No_Lingonberry1201@reddit

I spent so much time compiling llama.cpp these past few days I just made a cronjob to automatically pull the latest version and recompile it once a day.

[-]

DrVonSinistro@reddit

I made a single script that git pull, compile, put binaries where they belong and update firewall (because I keep previous builds in case).

[-]

andy2na@reddit

I should do that also. currently just use a script to build llama.cpp and then build llama-swap with that new build

[-]

JamesEvoAI@reddit

I use a docker toolbox and then llama-swap just execs into that

[-]

ea_man@reddit

Debian Sid should do that for you.

[-]

tessellation@reddit

I have a kbd shortcut for this, thx ccache

[-]

grumd@reddit

Just curious about context checkpoints, I haven't tried changing that parameter yet, how does it affect prompt reprocessing?

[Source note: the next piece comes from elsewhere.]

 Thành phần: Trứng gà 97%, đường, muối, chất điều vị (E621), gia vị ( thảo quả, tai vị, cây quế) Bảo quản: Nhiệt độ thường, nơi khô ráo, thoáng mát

Is it enough to have just 2 checkpoints to avoid it rereading the whole prompt?

[-]

ilintar@reddit (OP)

On non-hybrid, non-iSWA models you don't need the checkpoints at all since you can use KV cache truncation.

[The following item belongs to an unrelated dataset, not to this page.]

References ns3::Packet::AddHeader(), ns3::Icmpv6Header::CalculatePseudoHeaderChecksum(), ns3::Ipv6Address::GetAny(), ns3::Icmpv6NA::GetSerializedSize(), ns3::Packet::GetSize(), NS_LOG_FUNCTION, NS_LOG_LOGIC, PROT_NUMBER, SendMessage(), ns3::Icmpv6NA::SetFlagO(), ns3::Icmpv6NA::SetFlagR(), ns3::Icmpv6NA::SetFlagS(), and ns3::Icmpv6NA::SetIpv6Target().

On iSWA models having checkpoints is useful, but you can probably do with less than in case of hybrid models.

[-]

DrVonSinistro@reddit

Sometime in the last 24-48H, I re-compiled Llama.cpp and full re-processing were gone. The pure bliss of instant follow-up !

[-]

akehir@reddit

Nice thanks!

I still get infinite reasoning loops on some queries unfortunately, but for most cases the models are already working super great 😃

[-]

MerePotato@reddit

Are you quanting your context cache? That's usually the culprit

[-]

akehir@reddit

Not as far as I'm aware of. I'm using:

/app/llama.cpp/build/bin/llama-server --port ${PORT} --host 0.0.0.0 --model /models/chat/gemma-4-26B-A4B/gemma-4-26B-A4B-it-UD-Q8_K_XL.gguf --mmproj /models/chat/gemma-4-26B-A4B/mmproj-F16.gguf --jinja

[-]

MerePotato@reddit

Are you using it with a frontend? Your sampler parameters will be the one size fits all defaults and thus your model kind of borked if so.

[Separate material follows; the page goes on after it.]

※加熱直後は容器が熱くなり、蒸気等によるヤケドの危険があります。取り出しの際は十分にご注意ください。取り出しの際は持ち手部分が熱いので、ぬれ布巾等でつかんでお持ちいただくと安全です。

Also, Unsloth updated all their quant tiers except Q8 like yesterday so try moving down to Q6_K_XL, and make sure you're on the latest llama.cpp build.

[-]

akehir@reddit

Actually, image recognition works remarkably well.

I added the sampler params as below:

/app/llama.cpp/build/bin/llama-server --port ${PORT} --host 0.0.0.0 --model /models/chat/gemma-4-26B-A4B/gemma-4-26B-A4B-it-UD-Q8_K_XL.gguf --mmproj /models/chat/gemma-4-26B-A4B/mmproj-BF16.gguf --jinja --temp 1.0 --top-p 0.95 --top-k 64

Doesn't change anything about the infinite loop I'm getting.

[-]

akehir@reddit

I thought the sampler values are loaded from the gguf - if not, my bad.

Llama.cpp is freshly built from source, so that's not an issue.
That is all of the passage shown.